I'd be very interested to hear more about the book by the Dalai Lama. Eric and Don's course [These are my colleagues -- Eric Mortensen in religious studies, my department, an expert in Buddhism, shamanism and folklore et al., and Donald Smith in physics; they team teach a course on science and religion; I'd love to take it!] probably has perspectives from Asian and other religious perspectives that the folks above have not explored in depth, if at all. So of course, a look at their syllabus would be really important. The science-and-religion field is vast. It is also serious and scholarly and a lot of people don't realize this -- which is why it's great that Krista Tippett has done shows like the one with Polkinghorne. Another thing that helped spread the wealth, so to speak, was a curriculum contest (I have friends who applied for grants via this competition back in the day) and program on teaching religion and science. CTNS called it the
Science and Religion Course Program.

That should get you started ;-) .


* * * * *
P.S. JohnieB, Pablito, TCR, and others will want to know what we had for dinner.
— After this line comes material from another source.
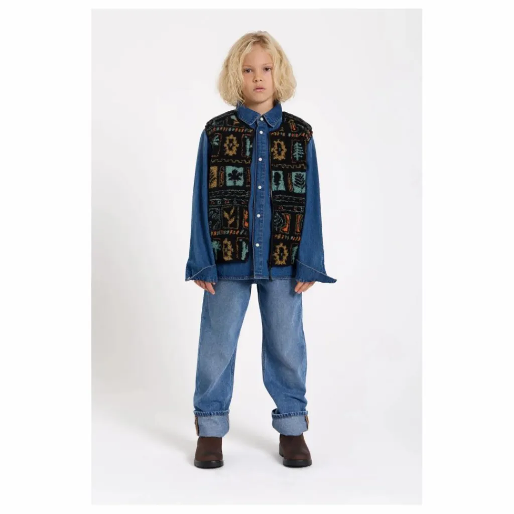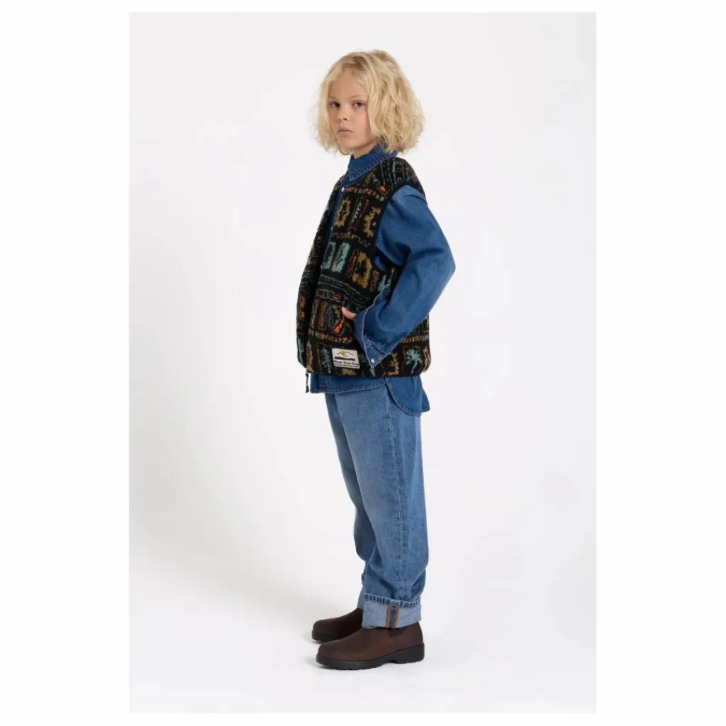 – Pression à la taille jusqu’à la taille 8 ans, puis bouton jeans

I cooked, if you can call such a simple meal cooking. Four courses:

1. Crenshaw melon.

2. Salad of mixed greens with heirloom tomato slices, avocado slices, red bell pepper strips, and cold salmon (not much, left over from my dinner of the night before -- cooked en papillote with absolutely nothing, just the fresh fish, and yes, it was the ecologically okay kind, wild caught from Alaska, thank you to my local supermarket, big ol' corporate Harris Teeter), dressed with extra virgin olive oil and freshly ground French sea salt.
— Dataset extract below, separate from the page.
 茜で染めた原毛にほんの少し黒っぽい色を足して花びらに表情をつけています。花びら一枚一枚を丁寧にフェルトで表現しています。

3. Whole wheat fusilli with pesto. (Pine nuts are too pricey and hard to digest, though classic pesto calls for them; I was out of walnuts; and the only nuts I had in the house --I keep nuts in the freezer so they won't go stale or rancid-- were cashews, so I experimented. Besides the cashews, the classic ingredients: olive oil, garlic, fresh basil, grated parmesan.)

4. Small amount of Julie's Organic Mocha Java ice cream with blueberries on top. (Originally it was going to be just the ice cream; but the Adorable Godson caught sight of the blueberries in the fridge and said, "Mmmm, blueberries.")

The melon, tomato, pepper, basil, and blueberries were from the farmers' market.

Oh, and to drink, iced peppermint tea; it was a no-wine evening.